Danica's reported signing great news for IRL

September, 28, 2009

Danica Patrick still hasn't actually told anyone what her plans are for 2010 and beyond, but it's taken as gospel that she will remain an IndyCar Series driver for the next three years. The Indianapolis Star reported Thursday that Patrick signed a contract extension to remain with Michael Andretti's team, and Andretti all but confirmed the signing in Curt Cavin's follow-up story.

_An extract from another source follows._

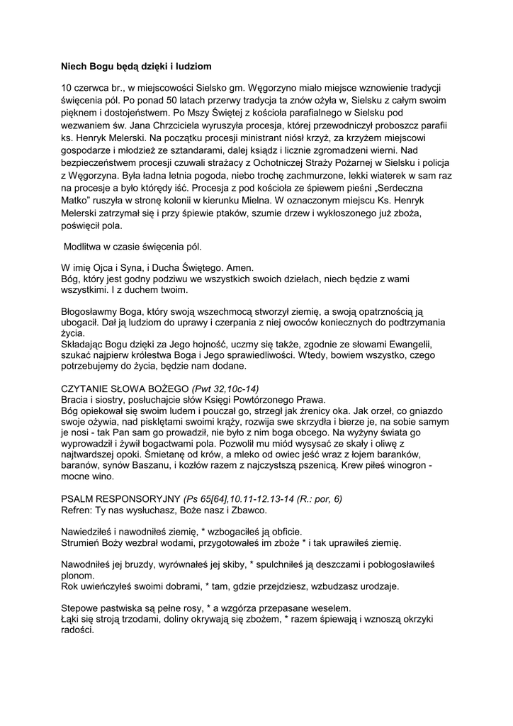 Niech Bogu będą dzięki i ludziom 10 czerwca br., w miejscowości Sielsko gm. Węgorzyno miało miejsce wznowienie tradycji święcenia pól. Po ponad 50 latach przerwy tradycja ta znów ożyła w, Sielsku z całym swoim pięknem i dostojeństwem. Po Mszy Świętej z kościoła parafialnego w Sielsku pod wezwaniem św. Jana Chrzciciela wyruszyła procesja, której przewodniczył proboszcz parafii ks. Henryk Melerski. Na początku procesji ministrant niósł krzyż, za krzyżem miejscowi gospodarze i młodzież ze sztandarami, dalej ksiądz i licznie zgromadzeni wierni. Nad bezpieczeństwem procesji czuwali strażacy z Ochotniczej Straży Pożarnej w Sielsku i policja z Węgorzyna. Była ładna letnia pogoda, niebo trochę zachmurzone, lekki wiaterek w sam raz na procesje a było którędy iść. Procesja z pod kościoła ze śpiewem pieśni „Serdeczna Matko” ruszyła w stronę kolonii w kierunku Mielna. W oznaczonym miejscu Ks. Henryk Melerski zatrzymał się i przy śpiewie ptaków, szumie drzew i wykłoszonego już zboża, poświęcił pola. Modlitwa w czasie święcenia pól. W imię Ojca i Syna, i Ducha Świętego. Amen. Bóg, który jest godny podziwu we wszystkich swoich dziełach, niech będzie z wami wszystkimi. I z duchem twoim. Błogosławmy Boga, który swoją wszechmocą stworzył ziemię, a swoją opatrznością ją ubogacił. Dał ją ludziom do uprawy i czerpania z niej owoców koniecznych do podtrzymania życia. Składając Bogu dzięki za Jego hojność, uczmy się także, zgodnie ze słowami Ewangelii, szukać najpierw królestwa Boga i Jego sprawiedliwości. Wtedy, bowiem wszystko, czego potrzebujemy do życia, będzie nam dodane. CZYTANIE SŁOWA BOŻEGO (Pwt 32,10c-14) Bracia i siostry, posłuchajcie słów Księgi Powtórzonego Prawa. Bóg opiekował się swoim ludem i pouczał go, strzegł jak źrenicy oka. Jak orzeł, co gniazdo swoje ożywia, nad pisklętami swoimi krąży, rozwija swe skrzydła i bierze je, na sobie samym je nosi - tak Pan sam go prowadził, nie było z nim boga obcego. Na wyżyny świata go wyprowadził i żywił bogactwami pola. Pozwolił mu miód wysysać ze skały i oliwę z najtwardszej opoki. Śmietanę od krów, a mleko od owiec jeść wraz z łojem baranków, baranów, synów Baszanu, i kozłów razem z najczystszą pszenicą. Krew piłeś winogron mocne wino. PSALM RESPONSORYJNY (Ps 65[64],10.11-12.13-14 (R.: por, 6) Refren: Ty nas wysłuchasz, Boże nasz i Zbawco. Nawiedziłeś i nawodniłeś ziemię, * wzbogaciłeś ją obficie. Strumień Boży wezbrał wodami, przygotowałeś im zboże * i tak uprawiłeś ziemię. Nawodniłeś jej bruzdy, wyrównałeś jej skiby, * spulchniłeś ją deszczami i pobłogosławiłeś plonom. Rok uwieńczyłeś swoimi dobrami, * tam, gdzie przejdziesz, wzbudzasz urodzaje. Stepowe pastwiska są pełne rosy, * a wzgórza przepasane weselem. Łąki się stroją trzodami, doliny okrywają się zbożem, * razem śpiewają i wznoszą okrzyki radości. EWANGELIA (Mt 6,25-34) Słowa Ewangelii według św. Mateusza. Jezus powiedział do swoich uczniów: Nie troszczcie się zbytnio o swoje życie, o to, co macie jeść i pić, ani o swoje ciało, czym się macie przyodziać. Czyż życie nie znaczy więcej niż pokarm, a ciało więcej niż odzienie? Przypatrzcie się ptakom w powietrzu: nie sieją ani żną i nie zbierają do spichrzów, a Ojciec wasz niebieski je żywi. Czyż wy nie jesteście ważniejsi niż one? Kto z was przy całej swej trosce może choćby jedną chwilę dołożyć do wieku swego życia? A o odzienie czemu się zbytnio troszczycie? Przypatrzcie się liliom na polu, jak rosną: nie pracują ani przędą. A powiadam wam: nawet Salomon w całym swoim przepychu nie był tak ubrany jak jedna z nich. Jeśli więc ziele na polu, które dziś jest, a jutro do pieca będzie wrzucone, Bóg tak przyodziewa, to czyż nie tym bardziej was, małej wiary? Nie troszczcie się więc zbytnio i nie mówcie:, co będziemy jeść? co będziemy pić? czym będziemy się przyodziewać? Bo o to wszystko poganie zabiegają. Przecież Ojciec wasz niebieski wie, że tego wszystkiego potrzebujecie. Starajcie się naprzód o królestwo Boga i o Jego sprawiedliwość, a to wszystko będzie wam dodane. Nie troszczcie się, więc zbytnio o jutro, bo jutrzejszy dzień sam o siebie troszczyć się będzie. Dosyć ma dzień swojej biedy. PROŚBY Bóg, troskliwy Ojciec, łaskawie spogląda na wszystkie swoje dzieci. Karmi je i otacza opieką, błogosławi ziemię, aby przynosiła owoce konieczne do podtrzymania ludzkiego życia. Z dziecięcą pokorą wołajmy do Niego: Wysłuchaj nas, Panie. Ty przez usta świętego Pawła Apostoła nazwałeś nas swoją uprawną rolą * spraw, abyśmy we wszystkich sprawach wypełniali Twoją wolę i zawsze byli z Tobą zjednoczeni. Ty nas pouczyłeś, że Chrystus jest winnym krzewem, a my Jego latoroślami * spraw, abyśmy trwając w Twoim Synu, przynosili owoc obfity. Ty błogosławisz ziemię i napełniasz ją obfitością plonów * swoim błogosławieństwem spraw, aby nasze pola wydały pożywienie, którego potrzebujemy. Ty rozmnażasz pszenicę i dajesz nam ją na chleb codzienny i jako dar do sprawowania Eucharystii * daj nam rosę z nieba i użyźniaj ziemię, aby wydała obfite plony. Ty żywisz ptaki powietrzne i odziewasz lilie polne * naucz nas nie troszczyć się zbytnio o pożywienie i ubranie, ale szukać najpierw Twojego królestwa i jego sprawiedliwości. MODLITWA BŁOGOSŁAWIEŃSTWA Boże, Ty na początku świata w swojej opatrzności nakazałeś, aby ziemia wydała rośliny zielone, rodzące wszelkie owoce. Ty dajesz nasienie siewcy i chleba dostarczasz na pożywienie. Spraw, prosimy, niech ta ziemia, wielorako ubogacona Twoją hojnością i uprawiana pracą rąk ludzkich; rodzi obfite owoce. Niech Twój lud obdarzony dobrami, które od Ciebie pochodzą, chwali Ciebie teraz i na wieki. Przez Chrystusa, Pana naszego. Amen. ZAKOŃCZENIE OBRZĘDU Bóg, który jest źr

What does it mean? Mostly that a lot of people in a lot of places -- the Indy Racing League, the league's television partners ABC/ESPN and Versus, the team currently known as Andretti Green Racing, and what's left of open-wheel racing's fan base, to name a few -- can all breathe a big sigh of relief now that Indy car racing's most recognizable star is not leaving for NASCAR.

Although the IndyCar Series can boast of several world-class drivers, including Scott Dixon, Dario Franchitti, Helio Castroneves, Tony Kanaan and the rapidly emerging Ryan Briscoe, none of them captivate racing fans of all ages like Danica does. As Americans, Graham Rahal and Marco Andretti have the potential to build a massive fan base to rival Patrick's, but they'll have to start winning a lot more races for that to happen.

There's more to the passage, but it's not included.